The other common way of disambiguating a long string of words is what, in pre-minimalist days, was called phrase structure. The nested embedding of phrases and clauses, one within another, is strongly reminiscent of the structured planning needed for planning multi-joint ballistic movements during "get set." The hand movement is embedded in the elbow rotation which is embedded in the shoulder rotation which is embedded in the body’s forward motion. Planning involves getting the whole thing right; there may be dozens of ways to hit the target, but they’re hidden in a sea of millions of wrong solutions, ones that would cause dinner to run away.
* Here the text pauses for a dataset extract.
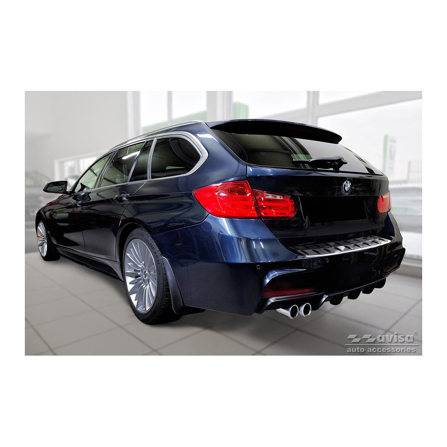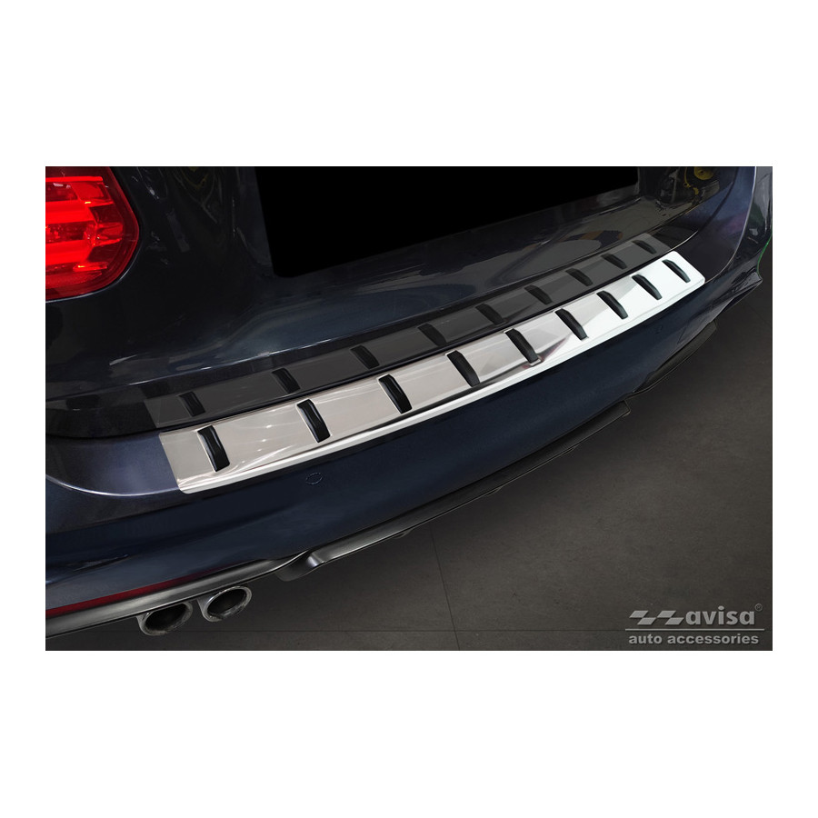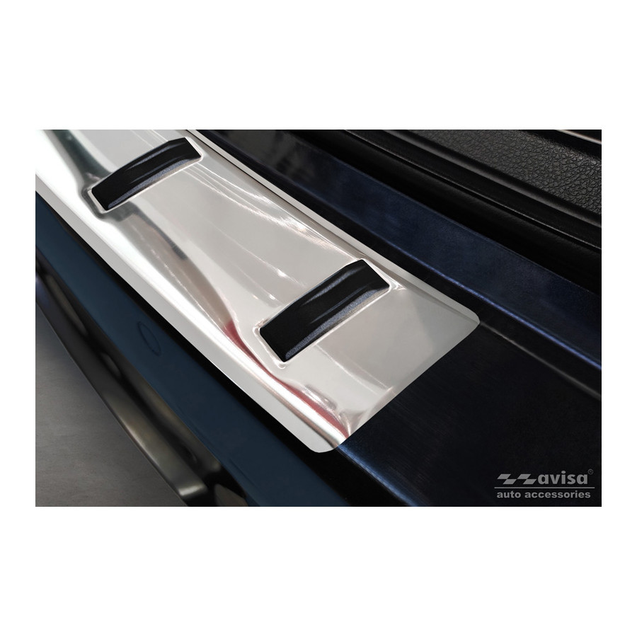 Stainless Steel Rear Bumper Protector suitable for BMW 3-Series (F31) Touring (incl. M-Package) 2012-2015 & Facelift 2015-2019 'STRONG EDITION'. Provide optimal protection against daily wear and tear on the top of the rear bumper. This part of the car is very sensitive to damage from loading and unloading. Repair and respray costs are high, and the value of your car can decrease. With a rear bumper protector, you can prevent damage to the top of your rear bumper. These are custom-made for your car type and conform to the bumper of your car, resulting in a perfect fit. Material: The Avisa 'STRONG EDITION' protectors are made of stainless steel combined with ribs of hardened polyurethane, which in addition to protection also provides a stylish look to your car. The material is sturdy, durable and resistant to all weather influences. This ensures the molding will last for years. With over 30 years of experience, Avisa is a leader in the design and production of these moldings. They are available in various colors and styles. Installation: These moldings are very easy to install. They are attached using double-sided 3M tape, which will not damage the original paint. This is included in the package, along with complete schematic installation instructions. Installation takes approximately 10 minutes. For a selection of rear bumper protectors that are attached directly to unpainted bumpers, a primer is included. The primer enhances the strength of the 3M tape.

What pays for planning improvements is aimed throwing for hunting and precision hammering for toolmaking; when novel sequences of hand-arm movement are not being planned, such neural machinery may be available for structured planning of other things, such as long utterances or agendas. Again, once structured language pays for further improvements, it may in passing improve aimed throwing or precision hammering, to the extent that they continue to share neural machinery.

The important feature of ballistic planning is its use of cortex for novel sequences (i.e., not standardized target distances as in darts and basketball free-throws, where subcortical circuits probably take over) with demanding requirements for timing precision (small targets have very brief "launch windows" and so timing jitter must be minimized).

I recently refined Hebb’s 1949 notion of a cell-assembly whose spatiotemporal firing pattern (think of a short song) represents a concept, relationship, action – or a phrase or a clause. Even the complete sentence should have one, if it is to compete with alternatives. This firing pattern would be a "code" for the concept, but one would expect the code for, say, comb to be different in visual association cortex than near auditory or motor areas.

A uniform-across-the-cortex code would be powerful but, for the same reasons as it took Europeans so long to invent the Euro, it isn’t a default solution. The corticocortical connection from concept-laden temporal lobe to movement-schema-laden frontal lobe via the arcuate fasciculus (second only the corpus callosum in size) is surely jumbled (neighboring axons may not remain neighbors at the other end) and the fanout of connections guarantees blur. So a different code arrives, equally good in most respects (just like changing money when border crossing) but when it gets sent back to the originating cortex, it is doubly distorted. For frequently used concepts, of course, an identity relation can soon be learned.

But when novel messages are being sent around ("‘A square green tomato’ – anyone recognize this phrase?"), it runs into the same problem as trying to get moneychangers to recognize a wooden nickel. You can’t get the virtues of a universal code for novel on-the-fly concepts without the equivalent of a coherent corticocortical connection.

What I demonstrated in Chapter 7 of The Cerebral Code was that enough clones of the code in the sending cortex (think of a plainchant choir recruiting additional members from neighboring cortex, all singing the same song) would suffice to create a small choir singing the same song at the destination. (Such choirs are needed for reducing jitter and are also an outcome of a Darwinian copying competition for achieving quality on-the-fly.)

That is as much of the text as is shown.